Using VGG16 on invasive species kaggle competition

I have finished lessons 1 and 2 and am trying to apply what I learned on the Invasive Species competition on kaggle but I am stuck at approximately 62% validation accuracy.

To get some practice, I attempted to rewrite the vgg16 class. This is what I have:

import json
import numpy as np
from keras.models import Sequential
from keras.layers.convolutional import Conv2D, ZeroPadding2D, MaxPooling2D
from keras.layers.core import Flatten, Dropout, Dense, Lambda
from keras.utils.data_utils import get_file
from keras.preprocessing.image import ImageDataGenerator
from keras.optimizers import RMSprop

vgg_mean = np.array([123.68, 116.779, 103.939], dtype=np.float32).reshape((3,1,1))
def vgg_preprocess(image):
    image = image - vgg_mean
    return image[:, ::-1]

class Vgg16:
    def __init__(self):
        self.PATH = 'http://files.fast.ai/models/'
        self.create()
        self.get_classes()

    def ConvBlock(self, layers, filters):
        model = self.model
        for i in range(layers):
            model.add(ZeroPadding2D(padding=(1, 1)))
            model.add(Conv2D(filters, (3, 3), activation='relu'))
        model.add(MaxPooling2D(pool_size=(2, 2), strides=(2, 2)))

    def FullyConnectedBlock(self):
        model = self.model
        model.add(Dense(4096, activation='relu'))
        model.add(Dropout(0.5))

    def create(self):
        model = self.model = Sequential()
        model.add(Lambda(vgg_preprocess,
                input_shape=(3, 224, 224),
                output_shape=(3, 224, 224)))

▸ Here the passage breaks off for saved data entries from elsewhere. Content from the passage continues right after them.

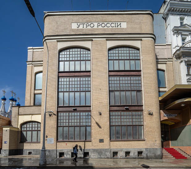 Комплекс зданий типографии «Утро России» был построен в 1907–1908 годах Федором Шехтелем по заказу Павла Рябушинского. На конторском доме комплекса большими буквами написано «УТРО РОССИИ». Архитектурный стиль здания – рациональный модерн. Его фасад украшен огромными окнами-витражами и облицован плиткой кабанчик. Из интерьеров сохранилась лишь парадная лестница Шехтеля (можно заглянуть внутрь, открыв дверь, — лестница будет прямо перед вами). За конторой находится типографский корпус, сегодня полностью превращенный в бизнес- и культурный центр. На его третьем этаже располагается бар-ресторан с романтичным названием «Счастье на крыше» с открытой террасой и прекрасным видом на храм Рождества в Путинках.
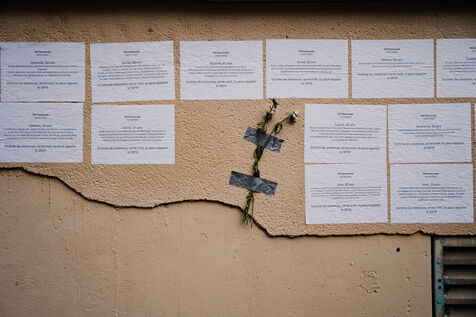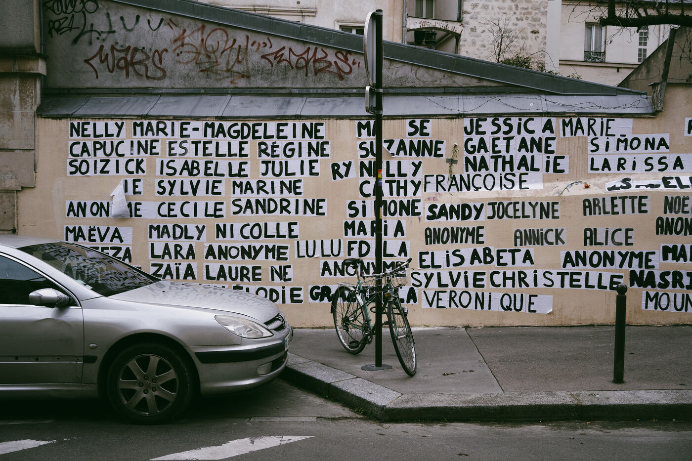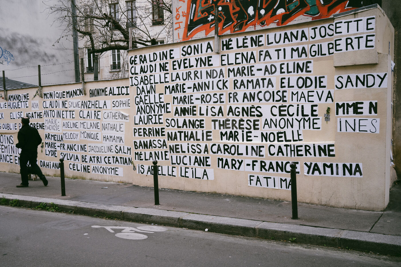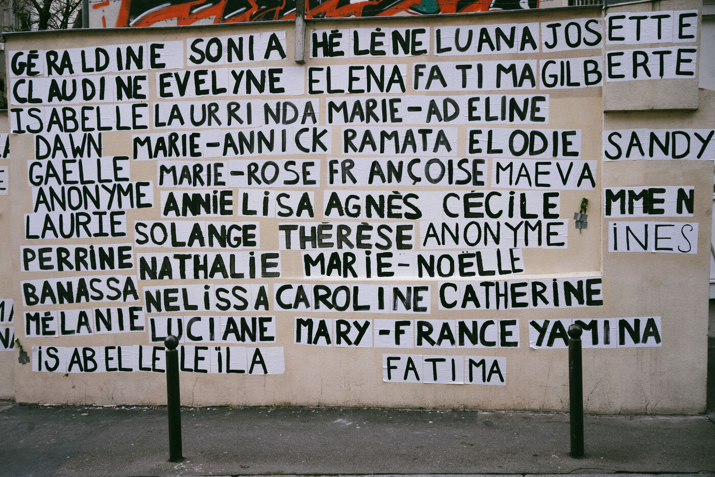 Memorial created by the feminists collage makers of the Collages Feminicides Paris collective to pay tribute to the 159 women victims of femicide on a wall on Rue de l'Equerre in the 19th arrondissement of Paris, France on January 16, 2026. The victims' first names are pasted with posters and large letters, and opposite them are sheets of paper with their age, city and department, and a few words describing the circumstances of their deaths, messages of support and sisterhood "victims of violence, we believe you , you can call 3919" (a toll-free emergency contact and helpline number for women victims of violence set up by the government).
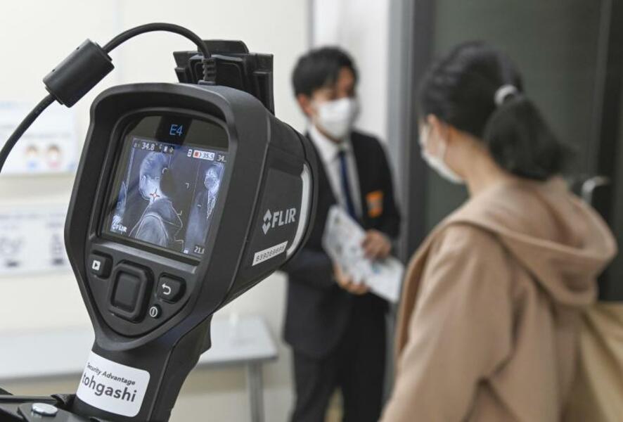 入り口では、サーモグラフィーで参加者の体温を測定していた=さいたま市

        self.ConvBlock(2, 64)
        self.ConvBlock(2, 128)
        self.ConvBlock(3, 256)
        self.ConvBlock(3, 512)
        self.ConvBlock(3, 512)

        model.add(Flatten())
        self.FullyConnectedBlock()
        self.FullyConnectedBlock()
        model.add(Dense(1000, activation='softmax'))

        model.load_weights(get_file('vgg16.h5',
                self.PATH + 'vgg16.h5', cache_subdir='models'))

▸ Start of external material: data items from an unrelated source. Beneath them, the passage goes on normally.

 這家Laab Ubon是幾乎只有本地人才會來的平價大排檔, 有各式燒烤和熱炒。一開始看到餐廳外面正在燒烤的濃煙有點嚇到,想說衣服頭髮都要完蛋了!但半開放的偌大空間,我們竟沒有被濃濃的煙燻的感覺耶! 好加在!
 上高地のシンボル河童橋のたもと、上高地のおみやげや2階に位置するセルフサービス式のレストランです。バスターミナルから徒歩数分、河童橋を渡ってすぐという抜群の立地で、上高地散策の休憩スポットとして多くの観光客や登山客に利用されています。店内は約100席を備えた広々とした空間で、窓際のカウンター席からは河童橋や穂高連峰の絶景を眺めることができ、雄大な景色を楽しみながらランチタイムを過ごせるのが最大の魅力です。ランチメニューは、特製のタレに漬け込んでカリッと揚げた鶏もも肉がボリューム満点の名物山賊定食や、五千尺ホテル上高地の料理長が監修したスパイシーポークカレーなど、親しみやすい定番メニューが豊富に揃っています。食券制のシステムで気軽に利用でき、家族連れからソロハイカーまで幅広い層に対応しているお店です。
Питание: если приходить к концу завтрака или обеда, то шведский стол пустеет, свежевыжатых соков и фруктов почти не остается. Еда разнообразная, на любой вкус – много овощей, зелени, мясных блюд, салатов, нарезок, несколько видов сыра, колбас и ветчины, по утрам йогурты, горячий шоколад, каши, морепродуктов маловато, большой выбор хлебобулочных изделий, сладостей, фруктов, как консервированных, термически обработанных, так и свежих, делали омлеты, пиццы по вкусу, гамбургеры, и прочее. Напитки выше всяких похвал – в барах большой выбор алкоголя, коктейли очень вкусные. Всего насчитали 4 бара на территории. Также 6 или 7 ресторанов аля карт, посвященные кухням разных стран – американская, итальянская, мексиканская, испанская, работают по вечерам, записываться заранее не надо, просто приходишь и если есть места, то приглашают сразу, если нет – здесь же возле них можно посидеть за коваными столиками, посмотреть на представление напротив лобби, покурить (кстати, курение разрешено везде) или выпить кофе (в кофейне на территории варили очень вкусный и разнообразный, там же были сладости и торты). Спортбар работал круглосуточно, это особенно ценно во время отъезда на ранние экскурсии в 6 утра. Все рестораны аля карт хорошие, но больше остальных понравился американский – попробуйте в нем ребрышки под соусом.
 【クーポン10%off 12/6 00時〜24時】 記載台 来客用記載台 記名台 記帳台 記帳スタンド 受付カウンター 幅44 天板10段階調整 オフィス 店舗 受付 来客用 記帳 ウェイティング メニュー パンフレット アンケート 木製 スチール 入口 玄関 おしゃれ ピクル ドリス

    def get_classes(self):
        file_name = 'imagenet_class_index.json'
        with open(get_file(file_name, self.PATH + file_name, cache_subdir='models')) as f:
            class_dict = json.load(f)
        self.classes = [class_dict[str(i)][1] for i in range(len(class_dict))]

    def get_batches(self, path, gen=ImageDataGenerator(), shuffle=True, batch_size=32, class_mode='categorical'):
        return gen.flow_from_directory(path, target_size=(224, 224),
            class_mode=class_mode, shuffle=shuffle, batch_size=batch_size)

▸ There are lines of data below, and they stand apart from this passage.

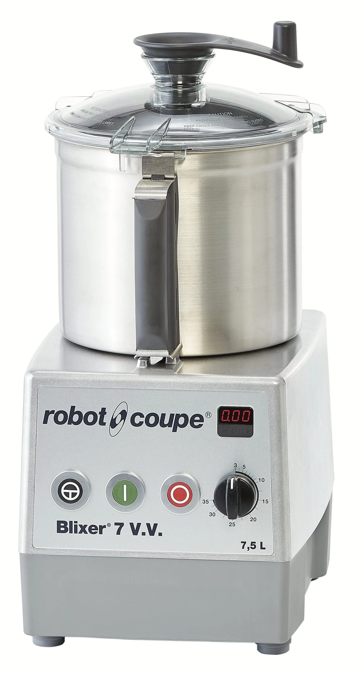 Blixer 4 V.V. Einphasig 230V/50/1. Leistung 1100 W. Drehzahlregelung 300 bis 3500 U/min. 4,5-Liter-Schüssel aus Edelstahl mit Griff und tief liegendem Messer mit 2 gekerbten Klingen. Dichter Deckel mit Abstreifer. 2 bis 15 200-g-Portionen
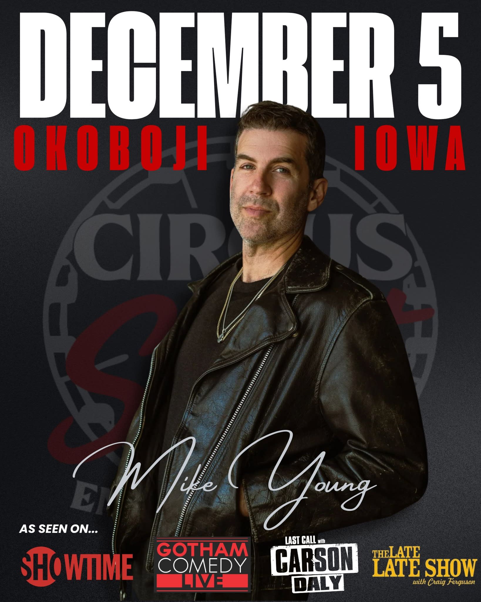 CIRCUS STREET COMEDY BY MIKE YOUNG • Live in Okoboji for TWO nights! • Detroit native Mike Young is an original voice in comedy. After touring with Dave Chapelle, Joe Rogan, Sebastian Maniscalco & Bob Saget, Young headlines nationwide with his down-to-earth stand up. • Mike wrote and directed several feature films, using his comedy voice for the big screen, including 'My Man Is A Loser,' starring John Stamos and Michael Rapaport. 'A Stand Up Guy,' starring Ethan Suplee, Jay Ferguson and Danny A went to Netflix and currently Stealing Jokes starring Josh Segarra and Orlando Jones is in production in Detroit. • After seeing Mike Young on stage at The Comedy Store, actor Tobey Maguire approached him to develop a sitcom entitled Forever Young based on Young’s life in Detroit and sold the idea to ABC. Maguire and Young teamed up again, this time with HBO for a half hour dramedy entitled The Light with writer Chris D’Arenzo of Rock of Ages notoriety. • Mike Young will be in Okoboji Friday, December 5th & Saturday, December 6th. Tickets available online: www.circusstreetentertainment.com 🎟️ 📅 Friday, December 5th | 8:00 PM 📍 Circus Street at Drake's Oak Hill - 2188 | 2188 Hwy 86, Milford, IA
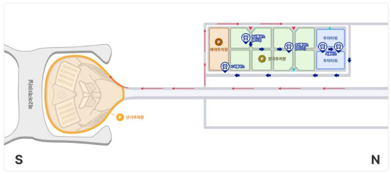 제2여객터미널의 주차장은 단기주차장과 장기주차장으로 나뉩니다. 단기주차장은 터미널 인근에 위치하며, 장기주차장은 터미널에서 떨어진 곳에 있어 순환 셔틀버스로 이동해야 합니다. 셔틀버스는 5~16분 간격으로 운영되며, 터미널 간 이동에는 약 15분이 소요됩니다.
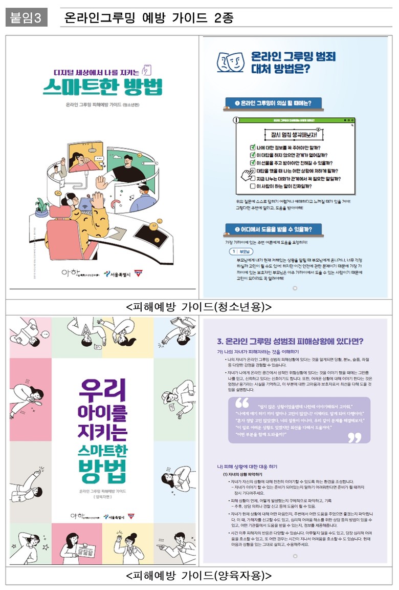 서울시는 이날 토론회에서 ‘온라인 그루밍 예방 가이드’를 배포하고 아동·청소년 성착취를 효과적으로 예방하는 정책을 소개한다.
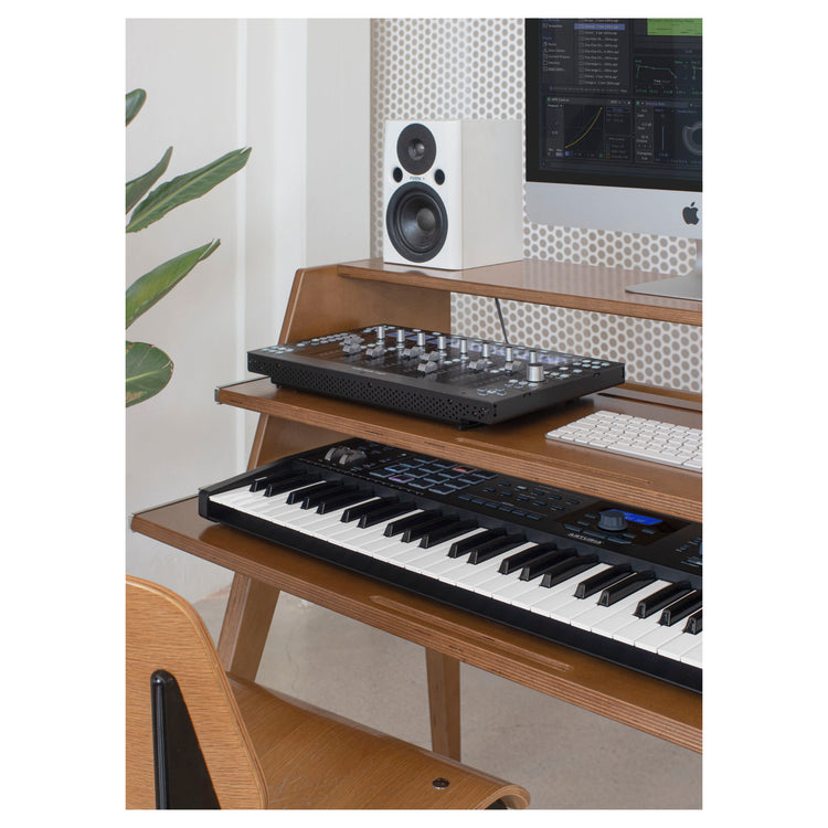 The Compact One is a three tier music production desk adapted for 61 keys keyboards.

    def finetune(self, batches):
        self.model.pop()
        num_classes = len(batches.class_indices)
        for layer in self.model.layers:
            layer.trainable = False
        self.model.add(Dense(num_classes, activation='softmax'))
        self.model.compile(optimizer=RMSprop(lr=0.1),
            loss='categorical_crossentropy', metrics=['accuracy'])
        classes = list(iter(batches.class_indices))
        for c in batches.class_indices:
            classes[batches.class_indices[c]] = c
        self.classes = classes

    def fit(self, batches, steps_per_epoch, epochs=1, validation_data=None, validation_steps=None):
        return self.model.fit_generator(batches,
            steps_per_epoch=steps_per_epoch, epochs=epochs,
            validation_data=validation_data, validation_steps=validation_steps)

I attempted to repeat the steps used for the dogs and cats competition in my notebook:

When I use the class above to run the vgg code from lesson 1, it seems to do fine.

I feel like there is something big that I have missed. Any help is appreciated.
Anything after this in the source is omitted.